Así pasé algunos meses, hasta que llegó el
día de partirnos para Acapulco, como lo hicimos, conduciendo
los reclutas que habían de ser embarcados para Manila.
No hubo novedad en el camino, llegamos con felicidad a la Ciudad de
los Reyes, puerto y fortaleza de San Diego de Acapulco. No me
admiraron sus Reales Tamarindos, ni la ciudad, que por la humildad de
sus edificios, mal temperamento y pésima situación me
pareció menos que muchos pueblos de indios que había
visto; pero, en cambio de este disgusto, tuve la sorprendente
complacencia de ver por la primera vez el mar, el castillo y los
navíos, que supuse serían todos como el San Fernando
Magallanes, que estaba anclado en aquella bahía.
A más de esto me divertí con las morenas del
país, que, aunque desagradables a la vista del que sale
de México, son harto familiares y obsequiosas.

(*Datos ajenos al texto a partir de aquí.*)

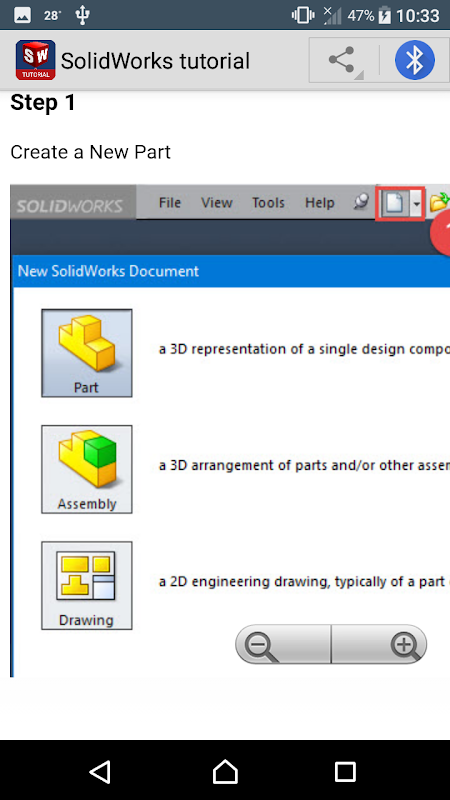 Here we go with the list of the current Solidworks tutorials you will find on the app.

También regalé mi paladar con el pescado fresco, que
lo hay muy bueno y en abundancia; y así, con estas bagatelas
entretuve las incomodidades que sufría con el calor y la poca
sociedad, pues no tenía muchos amigos. A más de esto, la
privación de las diversiones de esta ciudad y el temor de la
navegación que me urgía bastante, como urge al que
jamás se ha embarcado y tiene que fiar su vida a la furia de
los vientos y a la ninguna firmeza de las aguas, no dejaba de
mortificarme algunas veces.
Llegó el día en que nos habíamos de dar a la
vela. Se entregaron al capitán los forzados, nos embarcamos, se
levantaron las anclas, cortaron los cables y con el
buen
viaje
gritado por los amigos y curiosos que estaban en el muelle
fuimos saliendo de la bocana a la ancha mar.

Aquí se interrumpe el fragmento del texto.